Кругом раздались изумленные восклицания; Ингер подался вперед, Ельга-Поляница и Прекраса ахнули.

– Князь ваш, он говорит, сгинул, войско его все у нас, что уцелело. Тогда уж поменьше нас осталось, тысячи две с небольшим, все ж целое лето воевали. Но, говорит, этого довольно, и с меньшим войском царства брали, был бы вождь удачлив и богами любим. Я, говорит, как раз такой. Про род свой мне толковал, от каких он богов да осилков ведется. Склонял меня, значит, с ним остаться и Киев вместе воевать. Чтобы он князем сел, а мне воеводой сулил и во всех своих прибытках половинную долю…

Радовед перевел взгляд на Свенгельда. Тот говорил мало, лишь поглаживал рукоять своего меча и улыбался с таким довольным видом, что его грубоватое лицо казалось привлекательным, почти красивым. Теперь же он убрал улыбку, серые глаза посуровели.

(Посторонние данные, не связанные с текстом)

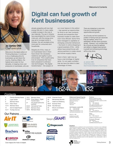 Thinking Business is published for Kent Invicta Chamber of Commerce and is distributed without charge to Chamber members. All correspondence should be addressed to the Editor at Kent Invicta Chamber of Commerce. Views expressed in Thinking Business are not necessarily those of Kent Invicta Chamber of Commerce. Reprinting in whole or part is forbidden except by permission. © 2022. Please note that submitting an article does not guarantee publication. Whilst every effort is made to ensure the accuracy and reliability of material published in this journal, Benham Publishing and its agents can accept no responsibility for the veracity of claims made by contributions in advertising or editorial content. Benham Publishing cannot be held responsible for any inaccuracies in web or email links supplied to us.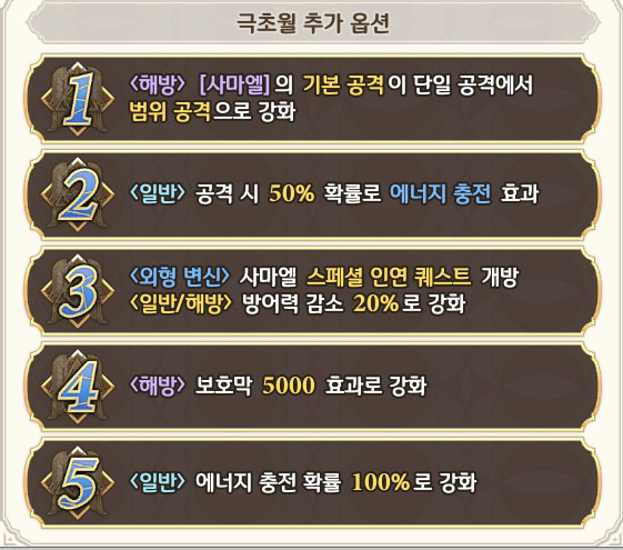 1초월만 하더라도 사마엘의 일반 공격이 단일 공격에서 범위 공격으로 강화된다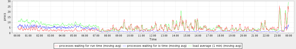 avg(processes waiting for run time) = 3.31 avg(processes waiting for io time) = 2.03 avg(load average (1 min)) = 5.90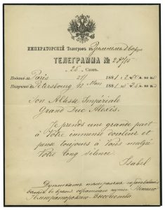 ISABELLE II, Reine d’Espagne. Télégramme adressé au Grand-duc Alexis Alexandrovitch. Paris, 24 mars 1881. Télégramme adressé suite à l’assassinat de son père, le Tsar Alexandre II, le 13 mars.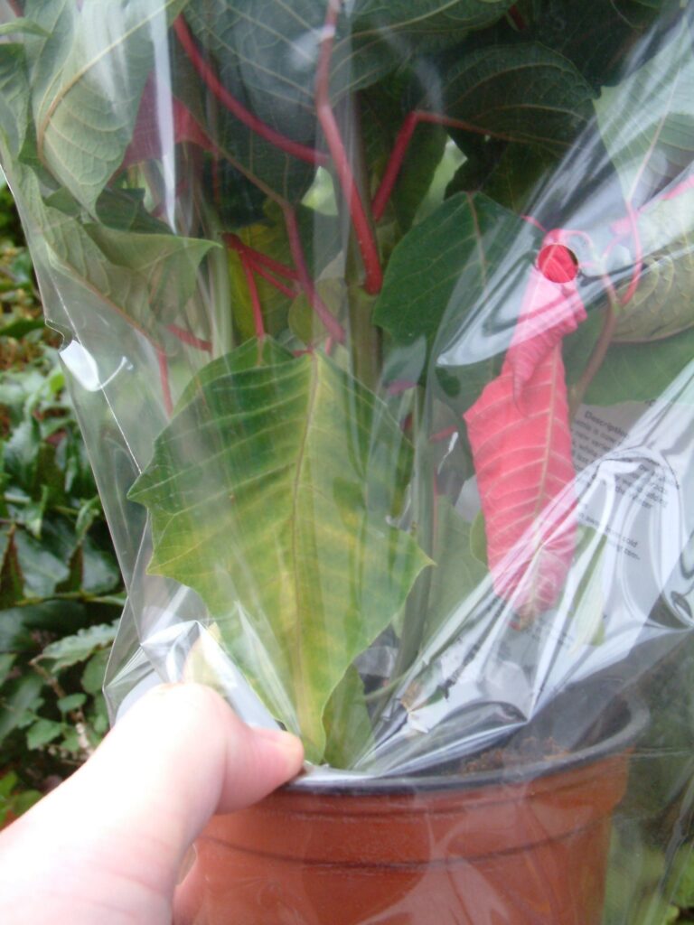 If it is in a plastic sleeve (good to prevent damage to the leaves and bracts in transit) check there are no yellow leaves or fallen leaves or mouldy leaves in the base – signs that the plant is old or has been badly looked after.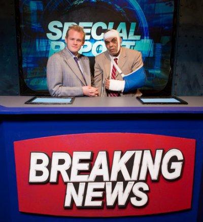 Isaac Miller and Juan Villegas in a scene from “America’s Favorite Newscaster” (Photo credit: Jeremy Daniel)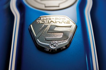 Az R nineT /5 egy ügyesen átdizájnolt nineT, ami a kék fényezést, a tankra szerelt tankpadot, a küllős felniket, a krómozott tükröket és a telókon lévő gumiharmonikákat jelenti.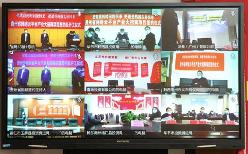 MAXHUB搭载视频会议软件,通过视频直播、远程连线、云签约等方式助力贵州、广州等地的多个签约仪式顺利进行,助力地方政府防疫管控和复工复产两不误。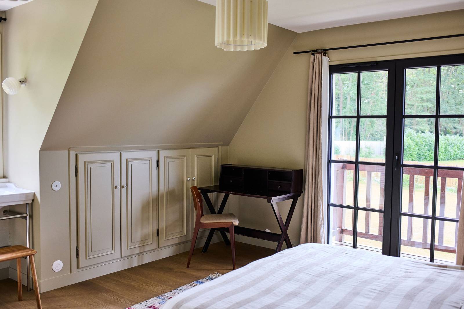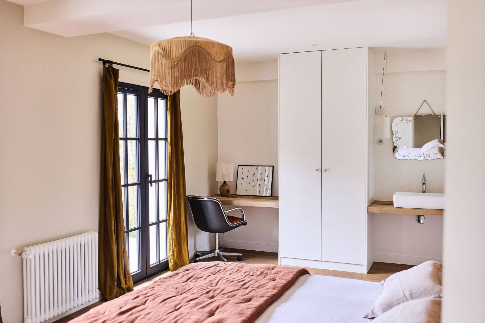 L'intérieur de la maison, soigneusement décoré dans un style cosy, allie modernité et charme d'antan. Les couleurs douces et les matériaux naturels créent une atmosphère apaisante, idéale pour mettre en valeur vos projets.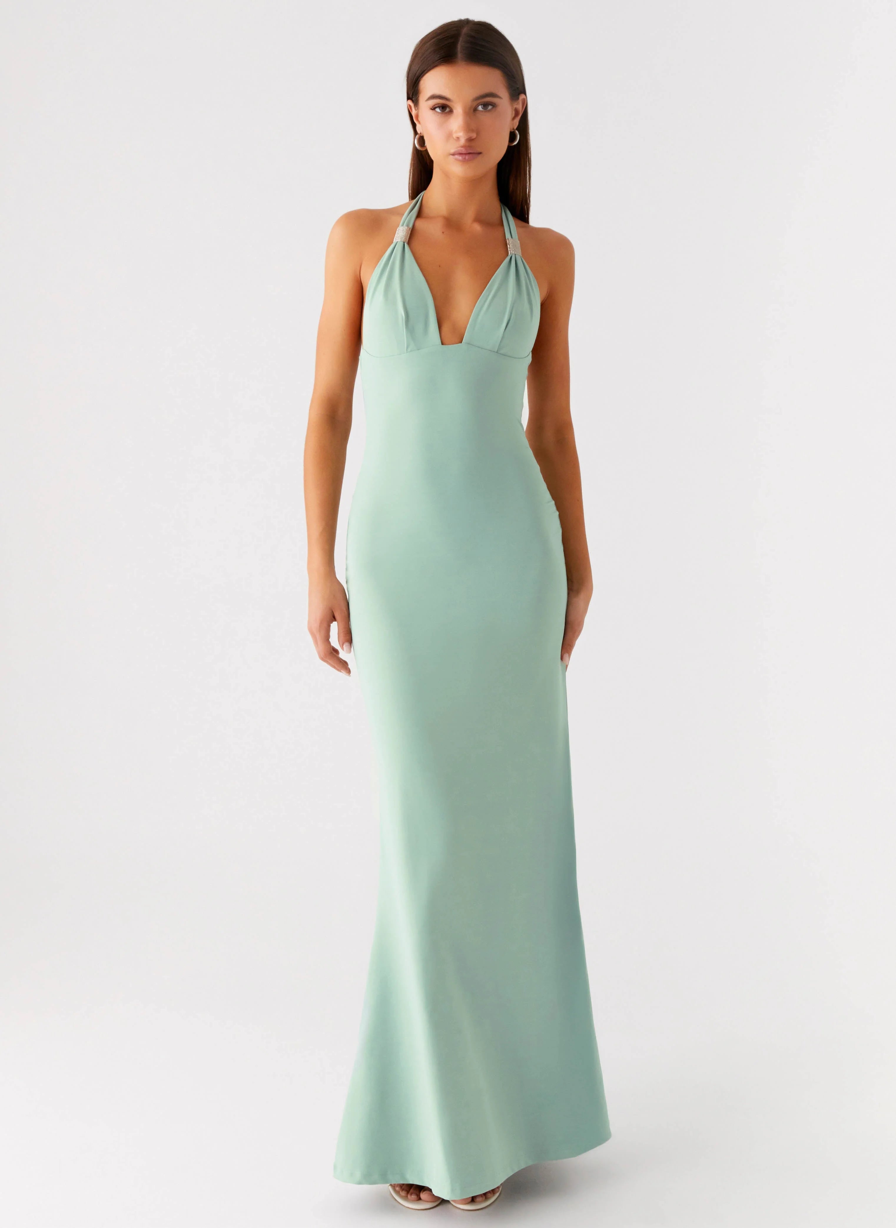 The Fern Valley Maxi Dress is made to dazzle from dusk till dawn. Featuring a halter neckline with a gold metal embellishment and a low back with a thick strap, this bodycon stretch jersey dress hugs every curve for a sleek silhouette. Its maxi length and luxe details make it your perfect pick for nights that glow.

– Да прах его возьми… – бросил Свенгельд. – Ишь чего выдумал, рожа варяжская!

– Ну а мы… мы ж рода своего не предатели, – продолжал Радовед. – Не по пути нам, я ему говорю. Хотите, говорю, в Корсуньской стране зимуйте, а мы до дому погребем. Только ж еще добычу делить надо было…

– А у вас есть добыча? – Ингер впервые отчетливо подумал об этой возможности.

Судя по глазам Свенгельда, тот об этом спросил в первый черед.

– А как же! – не без гордости ответил Радовед. – Даром мы, что ли, целое лето кровь проливали? Немало всякого добра привезли. Иные лодьи едва воду не черпали, так низко сидели.

Более дешевую часть добычи – одежду из шерсти, сосуды с вином и маслом, медную посуду, – пока оставили в лодьях, но более дорогую – золотые номисмы и серебряные милиарисии, драгоценные сосуды, благовония, шелковые ткани, украшения, – Радовед сразу приказал перенести в дружинные дома, и их можно было осмотреть немедленно. Со времен Ельгова похода на Царьград этот дом, да и никто в Киеве, не видел таких богатств. От больших сундуков, иные из которых сами поражали искусством резьбы и дороговизной оковки, казалось, поднимается сияние. Шелковые одежды, покрывала всех цветов, мешки с украшениями – медными, серебряными, золотыми, – блюда и кубки, кувшины и чаши мерцали самоцветными камнями, и у людей перехватывало дыхание от чувства, что они попали на небо.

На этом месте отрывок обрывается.